2020 m Ekou iron ore mine oxide content of more than segmented, structure greater impact than crushing, Platts expected coefficient of 10 ~ 11; 2020m middle less dense hard mineral lithology, Platts coefficient estimated 11 to 12, the average The density is 3.3t/m3. The surrounding rock of the ore body is mainly amphibolite , accompanied by quartzite containing chlorite, and the Platts coefficient is expected to be 8-10. At present, the mine is produced by sublevel caving without pillars [1-3], the height of the middle section is 40m, the section height is 12m, and the distance between the two entrances is 15m. The mine adopts the upward vertical fan-shaped medium-deep hole blasting method. The YGZ-90 rock drill is used to drill the fan-shaped hole. The blast hole surface is inclined at 90°, the aperture is 65mm, the fan-shaped hole angle is 45°, and the collapse step is the row spacing. That is, 1.8m, the bottom distance of the fan-shaped blasthole hole is 1.8m, the adjacent coefficient of the fan-shaped blasthole hole bottom is 1, and 13 blastholes are designed for each sector. In the course of practice, the above-mentioned parameters are more obvious: 1Because the blasthole is too dense, the ore crushing after blasting is uneven, which tends to cause a large number of holes in the middle and deep hole, which makes the consumption of secondary blasting explosive increase, and The mine easily leads to the large-scale jame out of the mine. During the mining process, the mining funnel of the stope can not be balanced, which affects the mining efficiency and reduces the productivity of the mining. 2 It is easy to cause the ore in the stope to be mixed with the waste rock.
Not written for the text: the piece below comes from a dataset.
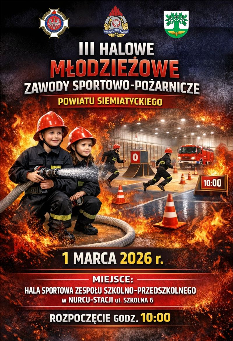 W rywalizacji weźmie udział 17 młodzieżowych drużyn pożarniczych z terenu powiatu siemiatyckiego. Wydarzenie będzie doskonałą okazją, aby zobaczyć w akcji młodych adeptów pożarnictwa, którzy zaprezentują swoje umiejętności, sprawność fizyczną oraz ducha zespołowej rywalizacji.Zawody rozpoczną się o godz. 10:00 w hali sportowej Zespołu Szkolno-Przedszkolnego w Nurcu-Stacji (ul. Szkolna 6).

At the same time, if there is a large block of the mine outlet, it will limit the amount of ore; 3 easy to destroy the eyebrow line leads to buried holes, the front row can not charge, increase the resistance line and lead to the ceiling or large block. At this stage, the ore hardness above and below the 2020m section of the mine changes significantly. If the above blasting parameters are still used, the blasting effect will be affected. Therefore, the existing medium-deep hole blasting parameters of the mine should be optimized.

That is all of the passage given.